Tempt not Athene. Wound not in her fertile pains
Demeter, nor rebel against her mother-right.
Oh who will reconcile in me both maid and mother,
Who make in me a concord of the depth and height?
Who make imagination’s dim exploring touch
Ever report the same as intellectual sight?
Then could I truly say, and not deceive,
Then wholly say, that I BELIEVE.
TO ANDREW MARVELL
Marvell, they say your verse is faint
Beside the range of Donne’s;
Too clear for them, too free from taint
Of noise, your music runs.
Their sultry minds can ill conceive
How godlike power should dwell
Except where lungs with torment heave
And giant muscles swell.
The better swordsman with a smile
His cool passado gives;
Smooth is the flooding of the Nile
By which all Egypt lives.
Sweetness and strength from regions far
Withdrawn and strange you bring,
And look no stronger than a star,
No graver than the spring.
LINES WRITTEN IN A COPY OF MILTON’S WORKS
Alas! the happy beasts at pasture play
All, all alike; all of one mind are they;
By Nature with indifferent kindness blessed,
None loves a special friend beyond the rest;
No sparrow lacks a friend with whom to roam
All day for seeds till evening bids them home;
Whom if with cunning beak the cruel kite
Or peasant’s arrow snatch from him tonight,
With a new friend next day, content, he wings his flight.
Not so is Man, who in his fellows finds
(Hard fate!) discordant souls and alien minds!
To him, though searching long, will scarce be shown
One heart amidst a thousand like his own;
Or if, at last relenting, fate shall send
In answer to his prayer, the authentic friend,
Him in some unsuspected hour, some day
He never dreaded, Death will snatch away
And leave behind a loss that time can ne’er allay.
Who now can charm to rest each eating care?
Who now the secrets of my bosom share?
Who now can while away with the delight
Of his discourse the livelong winter night,
When cracking nuts and hissing apples roast
Upon the hearth and from his southern coast
The wet wind in the elm-tree branches roars
And makes one vast confusion out of doors?
Alone I walk the fields and plains, alone
The dark vales with dense branches overgrown.
Here, as day fades, I wait, and all around
I hear the rain that falls with sullen sound.
&
nbsp; SCHOLAR’S MELANCHOLY
The mind too has her fossils to record her past,
Cold characters, immobile, of what once was new
And hot with life.
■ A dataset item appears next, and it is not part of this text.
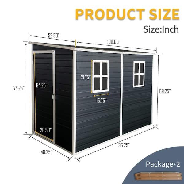 Black 8 ft. W x 4 ft. D Outdoor Storage Shed with Floor Resin Shed with 2-Windows, Lockable Doors for Patio(32 sq. ft.)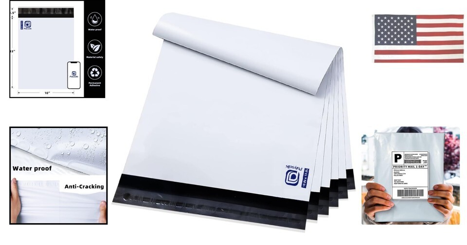 White Poly Mailers 10x13 100 Pcs, Strong Self-Seal, Waterproof and Tear-Resistant

Old papers, as we rummage through
Neglected drawers, still show us where the pen, fast, fast,
Ate up the sheets: and wondering, we remember vast
Designs and knowledge gathered, and intent to do
What we were able then to have done . . . something drew
A sponge across that slate. The ferly would not last.
Though Will can stretch his viaduct with level thrust
High above shagg’d woods, quaking swamp, and desert dust
Of changing times, yet he must dig for his material
In local quarries of the varying moment—must
Use wattle and daub in countries without stone, and trust
To basest matter the proud arches’ form imperial.
PART III
A LARGER WORLD
WORMWOOD
Thou only art alternative to God, oh, dark
And burning island among spirits, tenth hierarch,
Wormwood, immortal Satan, Ahriman, alone
Second to Him to whom no second else were known,
Being essential fire, sprung of His fire, but bound
Within the lightless furnace of thy Self, bricked round
To rage in the reverberated heat from seven
Containing walls: hence power thou hast to rival heaven.
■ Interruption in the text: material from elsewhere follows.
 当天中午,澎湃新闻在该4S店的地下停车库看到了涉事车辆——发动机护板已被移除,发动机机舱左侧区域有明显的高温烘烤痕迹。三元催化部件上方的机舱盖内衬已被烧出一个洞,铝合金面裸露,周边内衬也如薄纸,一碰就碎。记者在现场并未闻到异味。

Therefore, except the temperance of the eternal love
Only thy absolute lust is worth the thinking of.
All else is weak disguising of the wishful heart,
All that seemed earth is Hell, or Heaven. God is: thou art:
The rest, illusion. How should man live save as glass
To let the white light without flame, the Father, pass
Unstained: or else—opaque, molten to thy desire,
Venus infernal starving in the strength of fire!
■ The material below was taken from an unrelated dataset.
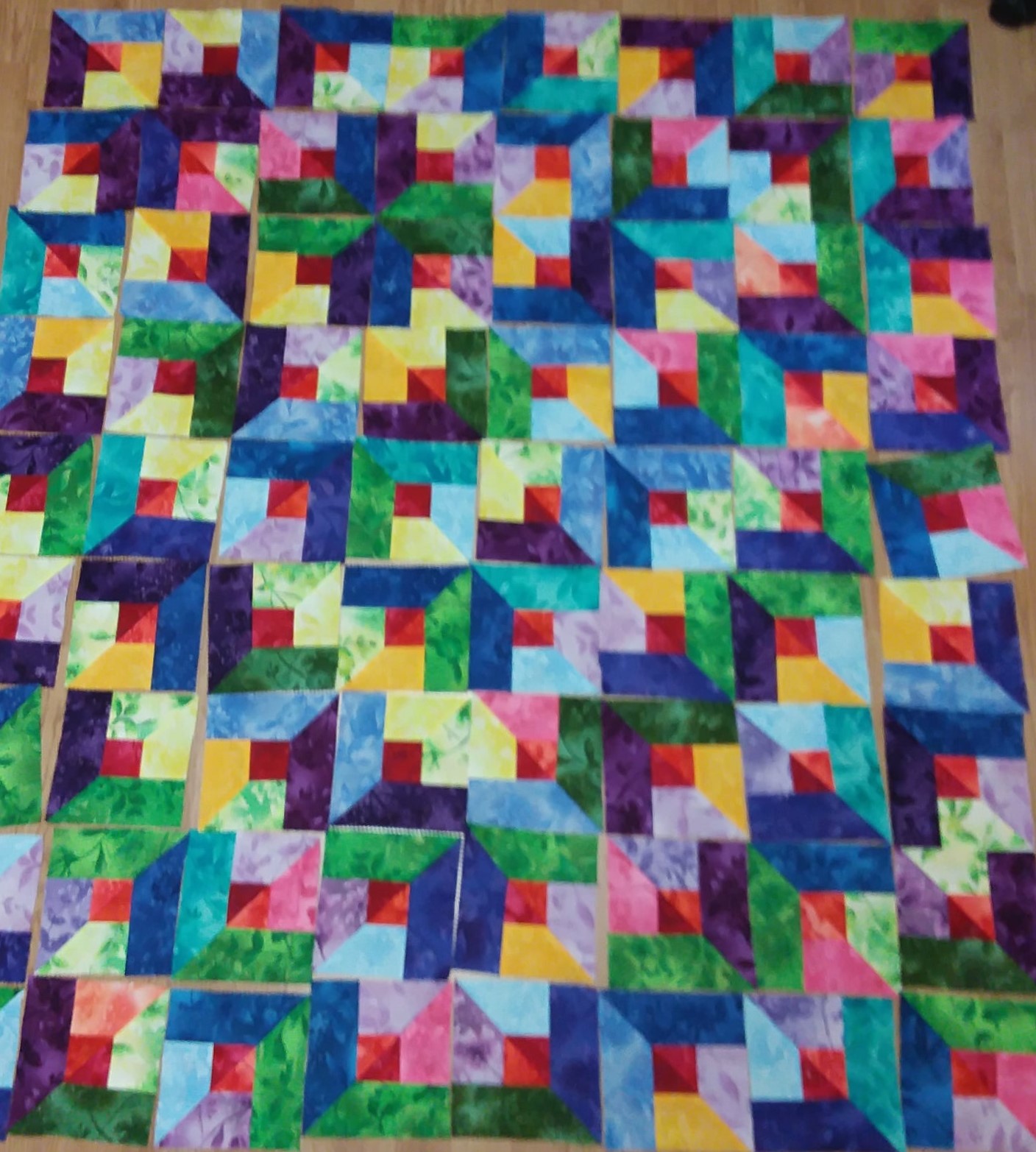 First, this quilt can be arranged in many different ways (as I mentioned last week with Cheryl’s clockwise swirl). The quilt below was made by my Aunt Jody back in December. She sends me surprise photos every few months of quilts she has made with one of my patterns!! Love her and her beautiful attention to detail!

Lord, open not too often my weak eyes to this.
VIRTUE’S INDEPENDENCE
I have scraped clean the plateau from the filthy earth,
Earth the unchaste, the fruitful, the great grand maternal,
Sprawling creature, lolling at random and supine
The broad-faced, sluttish helot, the slave wife
Grubby and warm, who opens unashamed
Her thousand wombs unguarded to the lickerous sun.